# Tables again



## Hoedown (Apr 27, 2012)

We have an Autosleeper Executive 1998 with a large and small table (with pedestal leg)

We are looking for a second small table to use inside or outside (using the Fiamma tripod) The tripod is expensive but seems to work with any table. Any suggestions where we can get another small table? Secondhand would be OK.

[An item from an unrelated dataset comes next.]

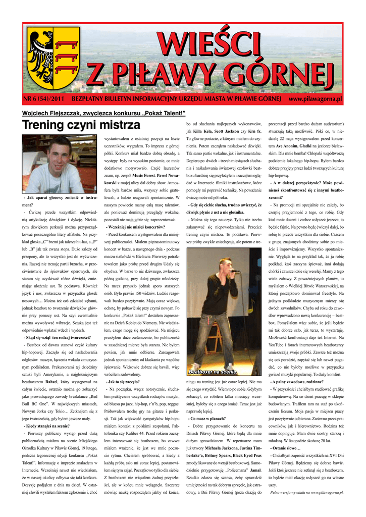 WIEŚCI Z PIŁAWY GÓRNEJ NR 6 (54)/2011 BEZPŁATNY BIULETYN INFORMACYJNY URZĘDU MIASTA W PIŁAWIE GÓRNEJ www.pilawagorna.pl Wojciech Flejszczak, zwycięzca konkursu „Pokaż Talent!” Trening czyni mistrza - Jak aparat głosowy zmienić w instrument? - Ćwiczę przede wszystkim odpowiednią artykulację dźwięków i dykcję. Niektó- bo od słuchania najlepszych wykonawców, prezentacji przed bardzo dużym audytorium) jak Killa Kela, Scott Jackson czy Krn fx. stwarzają taką możliwość. Póki co, w nie- wystartowałem z ostatniej pozycji na liście To główne postacie, z którymi miałem do czy- dzielę 22 maja występowałem przed koncer- uczestników, wygrałem. To impreza z górnej nienia. Potem zacząłem naśladować dźwięki. tem Ave Anonim, Gładki na jeziorze bielaw- półki. Konkurs miał bardzo dobrą obsadę, a Tak samo partie wokalne, jak i instrumentalne. skim. Dla mnie bomba! Chłopaki współtworzą występy były na wysokim poziomie, co mnie Dopiero po dwóch – trzech miesiącach słucha- podziemie lokalnego hip-hopu. Byłem bardzo dodatkowo motywowało. Część laureatów nia i naśladowania światowej czołówki beat- dobrze przyjęty przez ludzi tworzących kulturę znam, np. zespół Music Forest. Paweł Nowa- boxu bardziej się przyłożyłem i zacząłem oglą- hip-hopową. kowski z mojej ulicy dał dobry show. Atmos- dać w Internecie filmiki instruktażowe, które - A w dalszej perspektywie? Może powi- fera była bardzo miła, wszyscy sobie gratu- pomogły mi poprawić technikę. Na poważanie nieneś skonfrontować się z innymi beatbo- lowali, a ludzie reagowali spontanicznie. W ćwiczę może od pół roku. xerami? naszym powiecie mamy całą masę talentów, ale ponieważ dominują przeglądy wokalne, pozostali nie mają gdzie się zaprezentować. - Gdy się ciebie słucha, trudno uwierzyć, że dźwięk płynie z ust a nie głośnika. - Na promocji mi specjalnie nie zależy, bo czerpię przyjemność z tego, co robię. Gdy - Można się tego nauczyć. Tylko nie trzeba ktoś mnie doceni i zechce usłyszeć jeszcze, to rym dźwiękom perkusji można przyporząd- - Wcześniej nie miałeś koncertów? załamywać się niepowodzeniami. Przecież będzie fajnie. Na pewno będę ćwiczył dalej, bo kować poszczególne litery alfabetu. Na przy- - Przed konkursem występowałem dla mniej- trening czyni mistrza. To podstawa. Pierw- robię to przede wszystkim dla siebie. Czasem kład głoska „C” brzmi jak talerze hit-hat, a „P” szej publiczności. Miałem piętnastominutowy sze próby zwykle zniechęcają, ale potem z tre- z grupą znajomych chodzimy sobie po mie- lub „B” jak tak zwana stopa. Dużo zależy od koncert w barze, a następnego dnia - podczas ście i improwizujemy. Wszystko spontanicz- przepony, ale to wszystko jest do wyćwicze- meczu siatkówki w Bielawie. Pierwszy potrak- nie. Wygląda to na przykład tak, że ja robię nia. Raczej nie trenuję partii brzucha, w prze- towałem jako próbę przed drugim Udały się podkład, ktoś zaczyna śpiewać, inni dodają ciwieństwie do śpiewaków operowych, ale obydwa. W barze to nic dziwnego, zwłaszcza chórki i zawsze idzie się weselej. Mamy z tego staram się uzyskiwać różne dźwięki, zmie- późną godziną, przy dużej grupie młodzieży. wiele zabawy. Z poważniejszych planów, to niając ułożenie ust. To podstawa. Również Na mecz przyszło jednak sporo starszych myślałem o Wielkiej Bitwie Warszawskiej, na język i nos, zwłaszcza w przypadku głosek osób. Było prawie 150 widzów. Ludzie reago- której początkowo dominował freestyle. Na nosowych… Można też coś zdziałać zębami, wali bardzo pozytywnie. Mają coraz większą jednym podkładzie muzycznym mierzy się jednak beatbox to tworzenie dźwięków głów- ochotę, by pobawić się przy czymś nowym. Po dwóch zawodników. Chyba od roku do zawo- nie przy pomocy ust. Na szyi ewentualnie konkursie „Pokaż talent!” dostałem zaprosze- dów wprowadzono nową konkurencję – beat- można wywoływać wibracje. Sztuką jest też nie na Dzień Kobiet do Niemczy. Nie wiedzia- box. Pomyślałem więc sobie, że jeśli będzie odpowiednio wplatać wdech i wydech. łem, czego mogę się spodziewać. Na miejscu mi tak dobrze szło, jak teraz, to wystartuję. - Skąd się wziął ten rodzaj twórczości? przeżyłem duże zaskoczenie, bo publiczność Możliwość konfrontacji daje też Internet. Na - Beatbox od dawna stanowi część kultury w zasadniczej mierze była starsza. Nie byłem YouTube i forach internetowych beatboxerzy hip-hopowej. Zaczęło się od naśladowania pewien, jak mnie odbierze. Zareagowała umieszczają swoje próbki. Zawsze też można odgłosów maszyn, łączenia wokalu z muzycz- jednak spontanicznie: od klaskania po wspólne się coś poradzić, zapytać się lub nawet poga- nym podkładem. Prekursorami tej dziedziny śpiewanie. Widzowie dobrze się bawili, więc sztuki byli Amerykanie, a najgłośniejszym wróciłem zadowolony. beatboxerem Rahzel, który występował na - Jak to się zaczęło? ningu na trening jest już coraz lepiej. Nie ma całym świecie, ostatnio można go zobaczyć - Na początku, wręcz notorycznie, słucha- się czego wstydzić. Wiem to po sobie. Gdybym - W przyszłości chciałbym studiować grafikę jako prowadzącego zawody breakdance „Red łem praktycznie wszystkich rodzajów muzyki, zobaczył, co robiłem kilka miesięcy wcze- komputerową. Na co dzień pracuję w sklepie Bull BC One”. W największych miastach, od bluesa po jazz, hip-hop, r’n’b, pop, reggae. śniej, byłoby się z czego śmiać. Teraz jest już budowlanym. Trafiłem tam na staż po ukoń- Nowym Jorku czy Tokio… Zetknąłem się z Próbowałem trochę gry na gitarze i perku- naprawdę lepiej. czeniu liceum. Moja pasja w miejscu pracy jego twórczością, gdy byłem jeszcze mały. sji. Tak jak większość sympatyków hip-hopu - Co masz w planach? jest pozytywnie odbierana. Zarów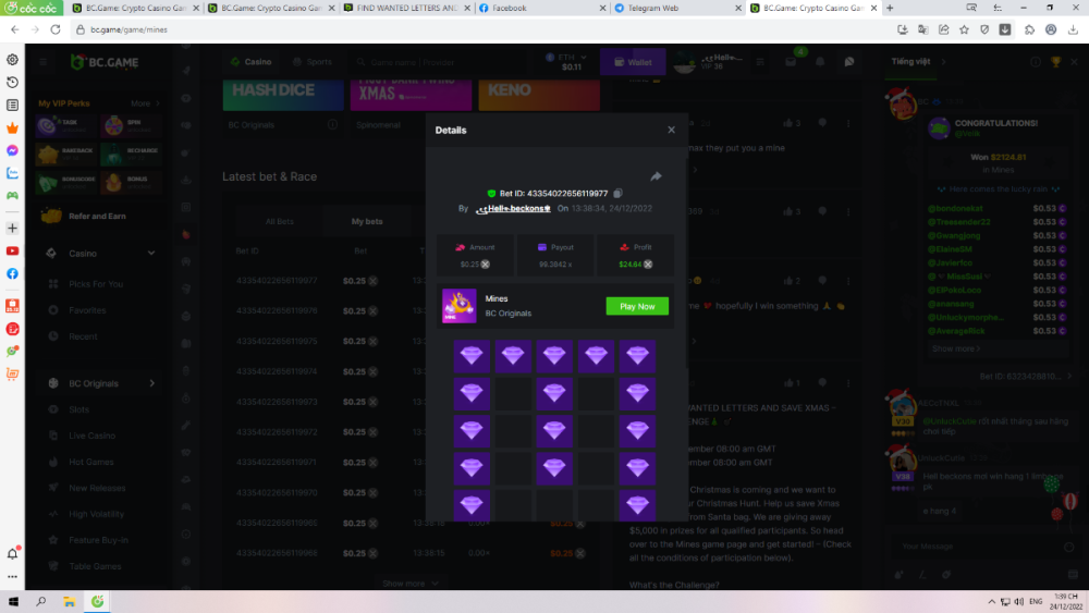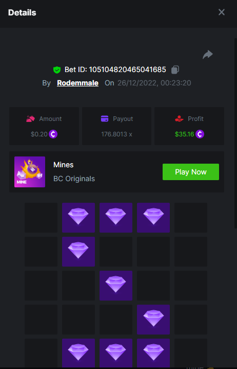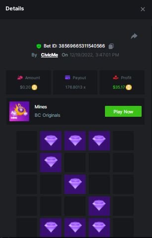 BCGame_Ewa Posted December 16, 2022 Share Posted December 16, 2022 $5,000 FIND WANTED LETTERS AND SAVE XMAS – MINES CHALLENGE Starts: 19, December 08:00 am GMTEnds: 26, December 08:00 am GMT Hey Everyone! Christmas is coming and we want to invite you to our Christmas Hunt. Help us save Xmas and take gifts from Santa bag. We are giving away $5,000 in prizes for all qualified participants. So head over to the Mines game page and get started! – (Check all the conditions of participation below). What's the Challenge? Find all letters from word ‚XMAS’ on Mines game using below mentioned settings: for ‘X’ - 9 diamonds 8 mines, payout 83.1985x for ‘M’ - 16 diamonds 4 mines, payout 99.3842x for ‘A’ - 12 diamonds 6 mines, payout 102.1699x for ‘S’ - 9 diamonds 9 mines, payout 176.8013xOnly players who post all 4 bets with exact the same settings as on below screenshots will win prizes. How to Enter To enter, copy the link of the bet you'd like to submit. Once you've copied it, paste it as a reply to this thread like so: Link: https://bc.game/#/sd/10YWJXCLX823GZ In the same post, upload a screenshot of your win by clicking the game ID WITH VIEW IN USD mode ENABLED (accessible at the bottom of dropdown menu for your wallet up top. This way, we can ensure that your bet indeed met the minimum requirement at the time of placing it: Link: https://bc.game/#/sd/10YWJXCLX823GZ Link: https://bc.game/#/sd/10YWK6WJG1YFBN Link: https://bc.game/#/sd/10YWLNKDX4QIVN Link: https://bc.game/#/sd/10YWMF6CJCR95F Minimum VIP Minimum VIP 4 Minimum Payouts Need to find all 4 letters with mentioned payouts for each. Minimum Bet Size $0.2 USD equivalent Eligible Coins All cryptocurrencies are eligible (excepting JB) Prize pool & Reward Breakdown Each particpant who find correcly all 4 letters from word 'XMAS' will receive EQUAL reward from prize pool as below: Please combine all of your hits together in a SINGLE post. Edit your existing post for additional hits, don't create a new post. Each eligible entry must have the Bet Slip URL, failure to include it will disqualify participation in the event. Bet Slip image is not mandatory. Bets must be posted within 24 hours of placing bet in order to keep things fair for everyone. Bets must be made during the specified time window stated above. This thread will lock automatically when the time period is over. One (1) entry per household. Anyone found attempting to win multiple prizes will be disqualified from this challenge as well as all future challenges. Failure to follow instructions will result in your submission being null and void. By entering this challenge, you acknowledge that BC.Game has the final decision on results and placement. Payouts will be distributed after the event is finished. Please note that it could take up to 48 hours after the completion of the event. Good luck everyone! Merry Christmas! 3 Link to comment Share on other sites More sharing options...

Normally there is only 2 of us so we leave the large table at home, just need another small one for odd occasions.

Thanks


----------



## cabby (May 14, 2005)

You could try O'Learys. Someone on here will post the telephone number shortly I expect, or you could try the search section.

cabby


----------



## randonneur (Jan 25, 2007)

*Small Table*

At one time we just used a kitchen cupboard door that had no fittings on it and bought the metal insert that fastens to the underside, with the door being melamine it worked really well and the only cost was the underside fitting. We only changed it when we went on a factory visit in France and they made us a table top to match the existing worktops.


----------



## bognormike (May 10, 2005)

I bought a table top (various sizes available) and a couple of the Fiamma dome fittings, and a pole, use it with the tripod. it can be a bit rickety at times. 
I can't remember where I got the table top, (details are on here somewhere) try a search for parts & accessories.


----------



## javea (Jun 8, 2007)

I had a table top made to my specifications from http://www.rainbowconversions.co.uk/. Use it both in the motorhome on a Fiamma pole system and also outside on occasion using their tripod, works well.

Mike


----------



## bognormike (May 10, 2005)

that's them! Thanks Mike, I remember now :roll:


----------



## deefordog (Dec 31, 2013)

We picked up one of these on Ebay for £18 when the seller had a "best offer" on the listing http://www.ebay.co.uk/itm/One-Bistr...54775?pt=UK_Garden_Tables&hash=item4d1f382437

Delivered from Germany in three days  .


----------